The three domestic multi-asset funds of funds added absolute returns over 3Q23 2023 despite a tough quarter for growth and fixed income assets. The solutions remain top quartile performers in their respective sectors since inception.
Table 2: Fund performance versus sector average
Source: PSG Investment Management
No changes were made to the underlying funds used in the solutions. In the fixed income building block our underlying managers added duration given attractive yields they saw on offer. This was funded from trimming shorter-dated and inflation-linked bonds as well as from deploying cash.
In the PSG Investment Management Multi-Asset Income FoF, allocations to inflation-linked bonds and cash were trimmed over the quarter. Proceeds were deployed to longer-duration bonds as our underlying managers sought to take advantage of attractive yields.
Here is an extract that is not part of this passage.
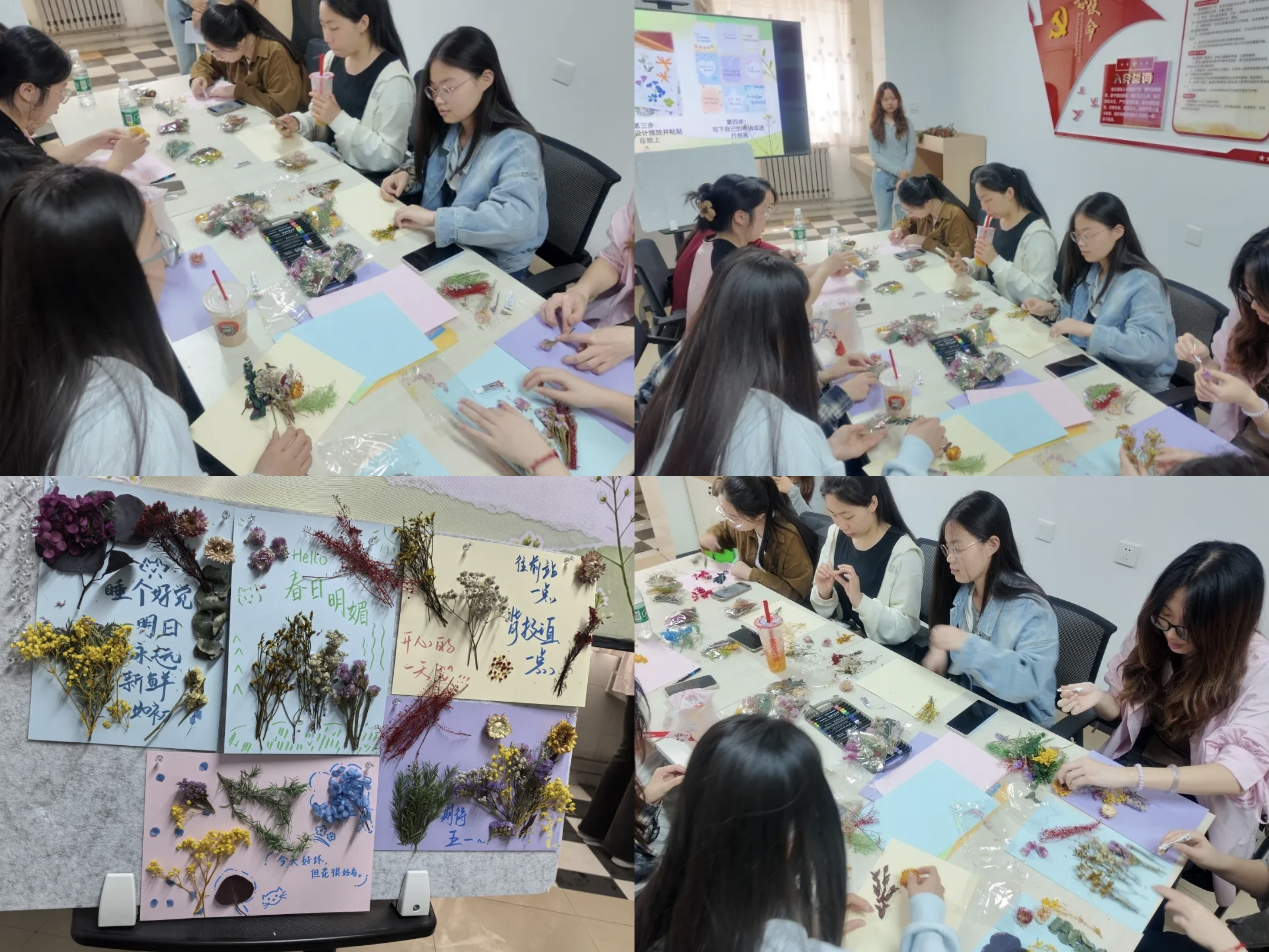 为舒缓大学生心理压力,传递自然疗愈之力,4月24日,禁漫岛 “商苑”工作室在“一站式”学生社区举办“草木心语 拼贴春光”心理主题活动。本次活动以自然与艺术为载体,引导学生在动手创作中释放压力、舒缓身心,在春光里实现自我治愈。

Allocations to resources ticked lower over the quarter while financials saw a marginal
upweight. Overall, the solution generated a positive absolute return in 3Q23 contributing to consistent above-average performance relative to peers over its minimum recommended investment period of two years and since inception.
The equity building block used in both the PSG Investment Management Cautious and PSG Investment Management Growth FoFs added value over the quarter, with AECI, WBHO and Sun International among the largest contributors to returns. South 32, Discovery and Telkom delivered muted returns. The PSG Investment Management Cautious FoF added value on an absolute basis over the quarter maintaining its longer-term track record as a top quartile performer relative to the average Multi-Asset Low Equity peer since inception.
The fund also maintained top-quartile performance over its minimum recommended holding period of three years. The PSG Investment Management Growth FoF benefitted from its larger weight to the equity building block, used in both solutions. with its absolute returns generated over the quarter contributing to it maintaining top quartile returns relative to its ASISA peer group since inception.
The PSG Investment Management MA Income FoF has remained a top quartile performer in the ASISA MA Income category since inception as positive absolute returns year to date bolstered longer-term performance.
The PSG Investment Management Cautious FoF delivered a positive quarterly return, supporting its long-term track record as a top quartile performer relative to sector peers over its recommended minimum holding period. The PSG Investment Management Growth FoF delivered an absolute return year to date, supporting its longer-term performance relative to the average balanced fund sector peer.
The PSG Investment Management Global Flexible Fund of Funds (USD) had a tough quarter as offshore assets stumbled. A tough quarter for global equities saw our growth-minded underlying managers detract the most from performance on an absolute basis. Our value-orientated underlying managers cushioned losses, as their security selection added value. Veritas was the largest contributor to returns over 3Q23 while Baillie Gifford and Ninety One detracted the most. In terms of fund composition. no changes were made to the solution over the quarter.